What is needed is an exact retyping of each entry, pictures excluded.

Segment Start: DATASET

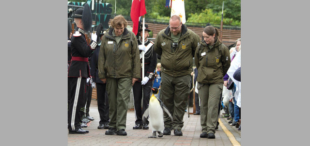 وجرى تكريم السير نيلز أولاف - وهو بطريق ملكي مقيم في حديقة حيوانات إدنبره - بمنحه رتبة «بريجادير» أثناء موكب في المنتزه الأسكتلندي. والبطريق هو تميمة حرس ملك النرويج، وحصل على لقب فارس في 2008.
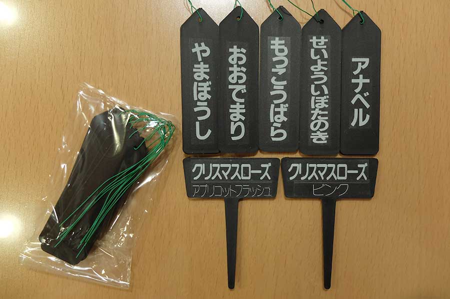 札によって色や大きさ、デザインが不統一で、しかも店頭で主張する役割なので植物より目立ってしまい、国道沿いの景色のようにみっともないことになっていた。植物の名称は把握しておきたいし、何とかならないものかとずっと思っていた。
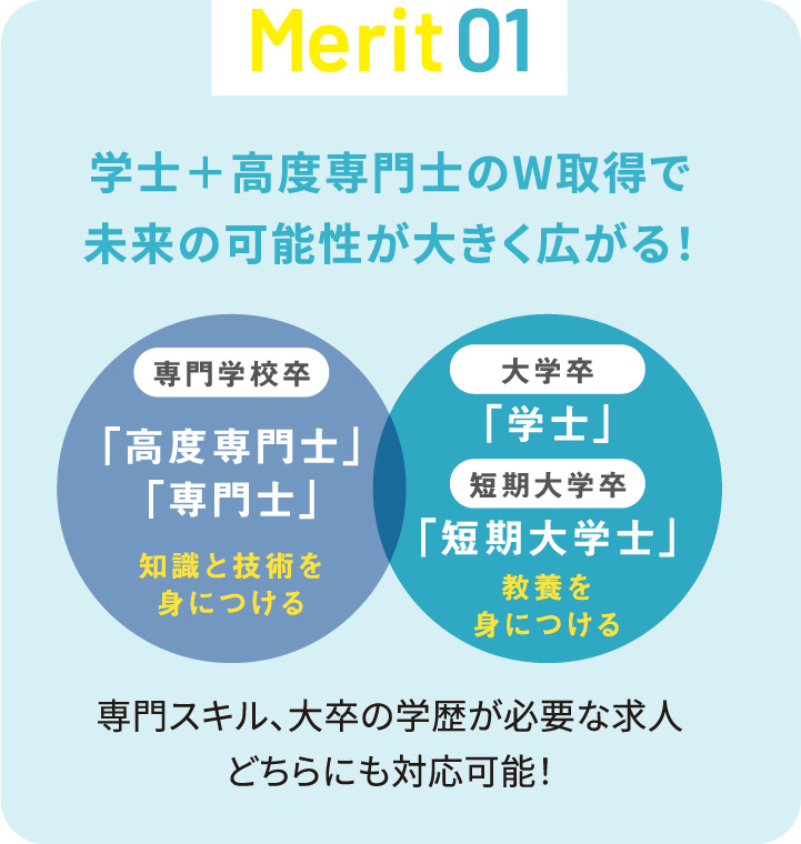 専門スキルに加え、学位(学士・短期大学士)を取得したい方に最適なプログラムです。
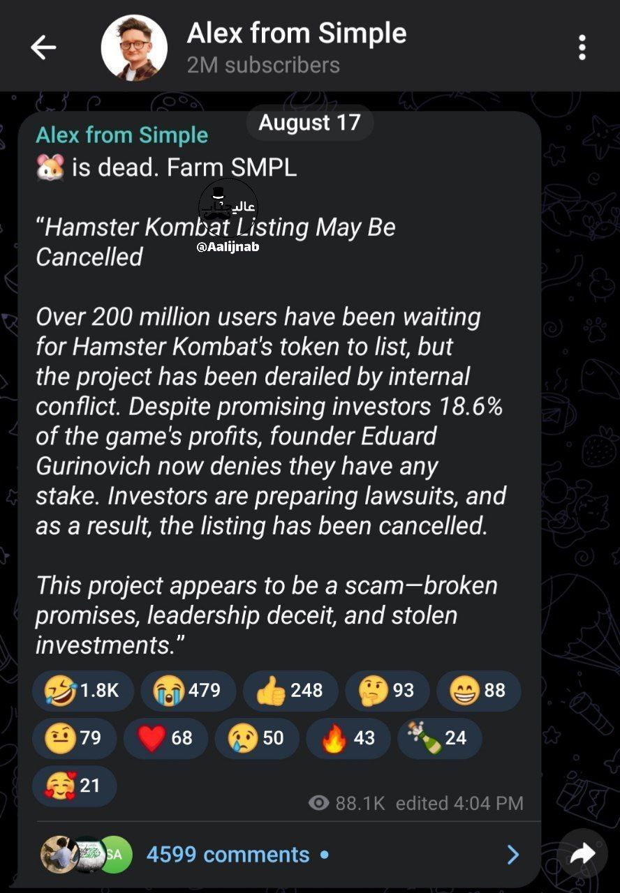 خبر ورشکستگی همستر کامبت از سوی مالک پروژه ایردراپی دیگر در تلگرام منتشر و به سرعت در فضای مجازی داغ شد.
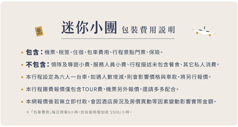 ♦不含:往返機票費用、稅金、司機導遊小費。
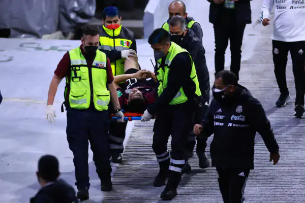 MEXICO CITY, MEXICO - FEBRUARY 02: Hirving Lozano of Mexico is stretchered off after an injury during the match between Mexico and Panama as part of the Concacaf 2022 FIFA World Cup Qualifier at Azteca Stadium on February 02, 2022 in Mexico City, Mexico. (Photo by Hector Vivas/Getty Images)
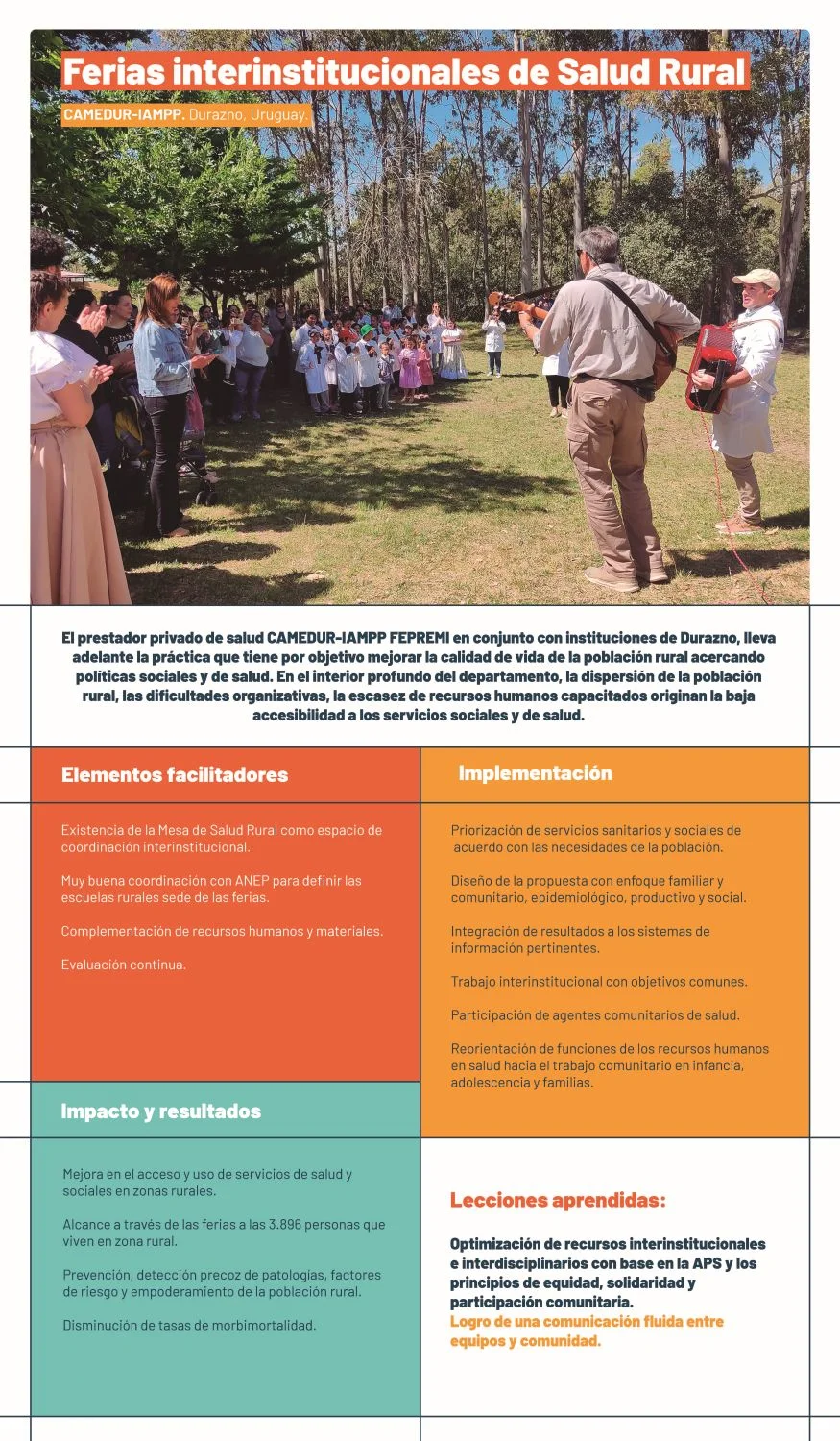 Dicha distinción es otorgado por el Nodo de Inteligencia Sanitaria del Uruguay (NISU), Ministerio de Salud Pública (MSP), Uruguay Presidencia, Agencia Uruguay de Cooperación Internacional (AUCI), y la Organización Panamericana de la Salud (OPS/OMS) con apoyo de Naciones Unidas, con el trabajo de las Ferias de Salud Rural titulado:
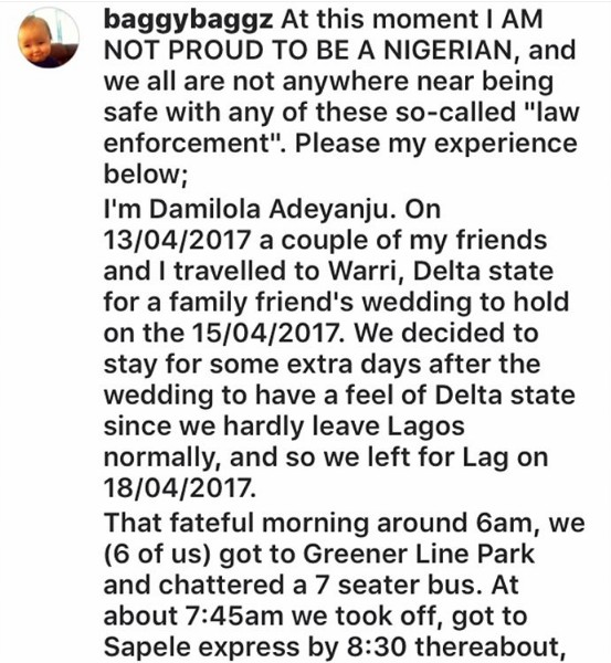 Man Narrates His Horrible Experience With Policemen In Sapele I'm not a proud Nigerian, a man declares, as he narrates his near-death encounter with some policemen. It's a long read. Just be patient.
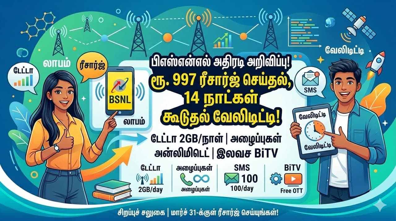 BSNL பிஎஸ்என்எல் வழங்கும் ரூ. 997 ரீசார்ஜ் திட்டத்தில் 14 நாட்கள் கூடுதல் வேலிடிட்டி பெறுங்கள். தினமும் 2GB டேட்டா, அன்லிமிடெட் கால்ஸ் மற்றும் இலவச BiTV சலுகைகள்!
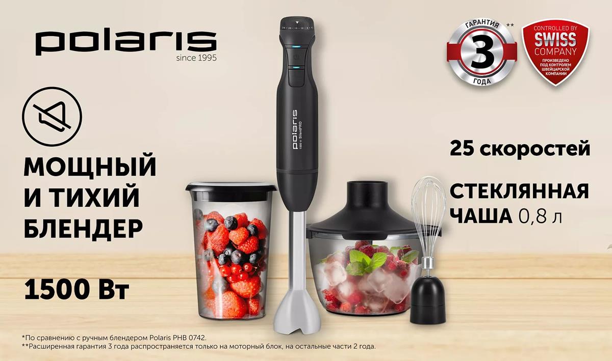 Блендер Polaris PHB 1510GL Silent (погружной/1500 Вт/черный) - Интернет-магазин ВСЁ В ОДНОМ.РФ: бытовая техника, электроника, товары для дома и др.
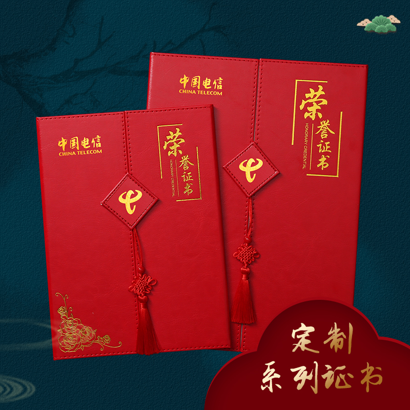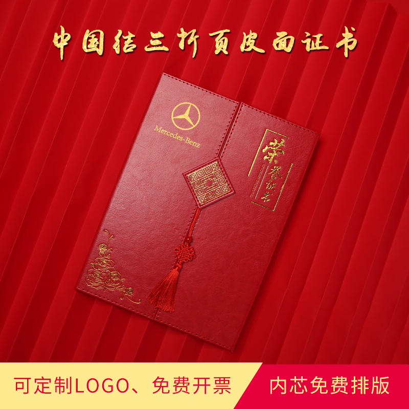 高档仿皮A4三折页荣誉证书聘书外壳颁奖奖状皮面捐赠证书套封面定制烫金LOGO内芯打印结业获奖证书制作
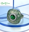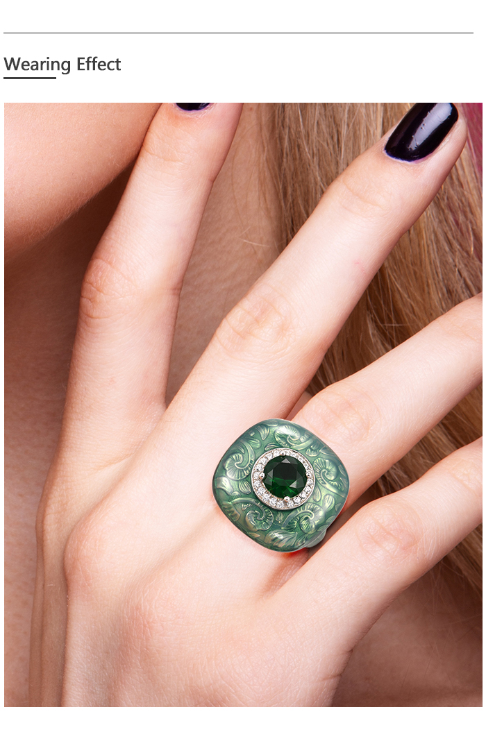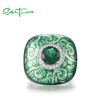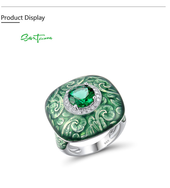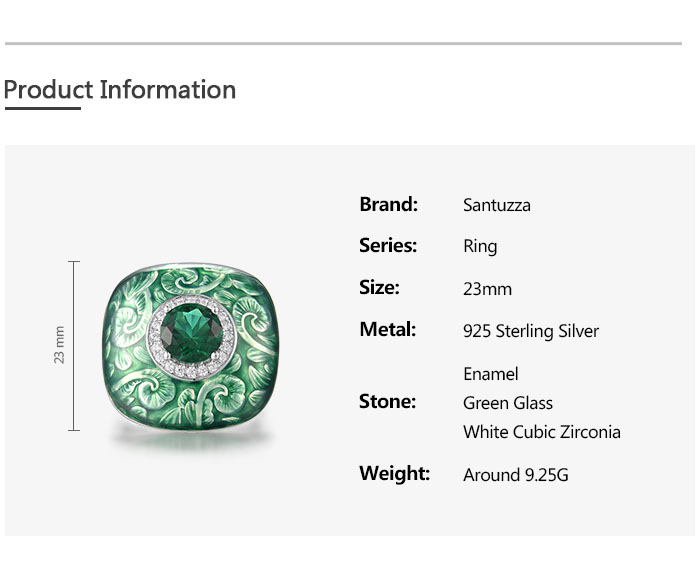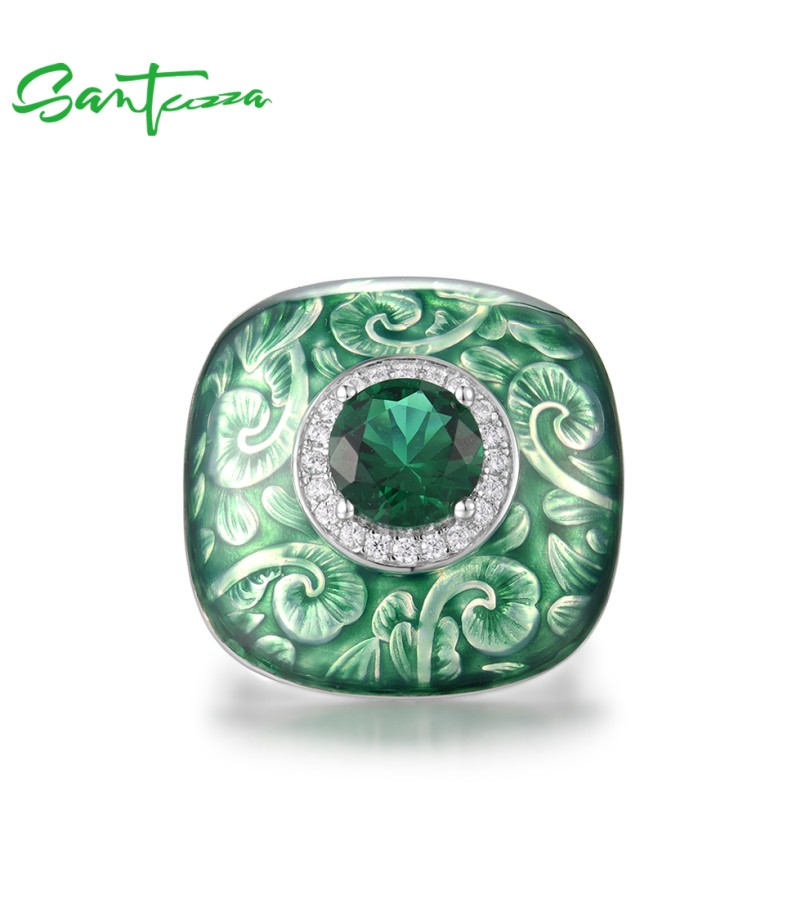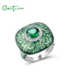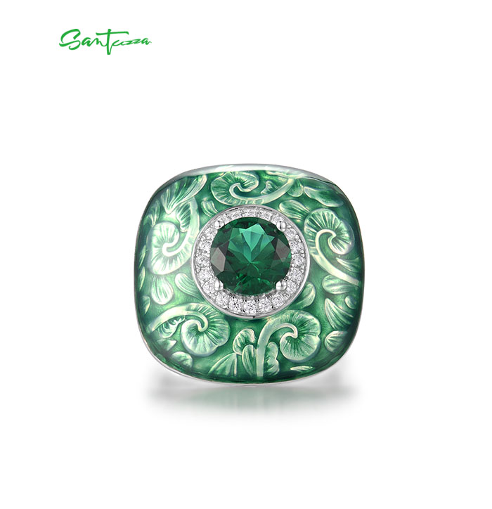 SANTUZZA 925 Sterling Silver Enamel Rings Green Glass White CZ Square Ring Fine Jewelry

Segment End: DATASET

SOLUTION TO THIS EXERCISE:
 وجرى تكريم السير نيلز أولاف - وهو بطريق ملكي مقيم في حديقة حيوانات إدنبره - بمنحه رتبة «بريجادير» أثناء موكب في المنتزه الأسكتلندي. والبطريق هو تميمة حرس ملك النرويج، وحصل على لقب فارس في 2008.
 札によって色や大きさ、デザインが不統一で、しかも店頭で主張する役割なので植物より目立ってしまい、国道沿いの景色のようにみっともないことになっていた。植物の名称は把握しておきたいし、何とかならないものかとずっと思っていた。
 専門スキルに加え、学位(学士・短期大学士)を取得したい方に最適なプログラムです。
 خبر ورشکستگی همستر کامبت از سوی مالک پروژه ایردراپی دیگر در تلگرام منتشر و به سرعت در فضای مجازی داغ شد.
 ♦不含:往返機票費用、稅金、司機導遊小費。
 MEXICO CITY, MEXICO - FEBRUARY 02: Hirving Lozano of Mexico is stretchered off after an injury during the match between Mexico and Panama as part of the Concacaf 2022 FIFA World Cup Qualifier at Azteca Stadium on February 02, 2022 in Mexico City, Mexico. (Photo by Hector Vivas/Getty Images)
 Dicha distinción es otorgado por el Nodo de Inteligencia Sanitaria del Uruguay (NISU), Ministerio de Salud Pública (MSP), Uruguay Presidencia, Agencia Uruguay de Cooperación Internacional (AUCI), y la Organización Panamericana de la Salud (OPS/OMS) con apoyo de Naciones Unidas, con el trabajo de las Ferias de Salud Rural titulado:
 Man Narrates His Horrible Experience With Policemen In Sapele I'm not a proud Nigerian, a man declares, as he narrates his near-death encounter with some policemen. It's a long read. Just be patient.
 BSNL பிஎஸ்என்எல் வழங்கும் ரூ. 997 ரீசார்ஜ் திட்டத்தில் 14 நாட்கள் கூடுதல் வேலிடிட்டி பெறுங்கள். தினமும் 2GB டேட்டா, அன்லிமிடெட் கால்ஸ் மற்றும் இலவச BiTV சலுகைகள்!
 Блендер Polaris PHB 1510GL Silent (погружной/1500 Вт/черный) - Интернет-магазин ВСЁ В ОДНОМ.РФ: бытовая техника, электроника, товары для дома и др.
 高档仿皮A4三折页荣誉证书聘书外壳颁奖奖状皮面捐赠证书套封面定制烫金LOGO内芯打印结业获奖证书制作
 SANTUZZA 925 Sterling Silver Enamel Rings Green Glass White CZ Square Ring Fine Jewelry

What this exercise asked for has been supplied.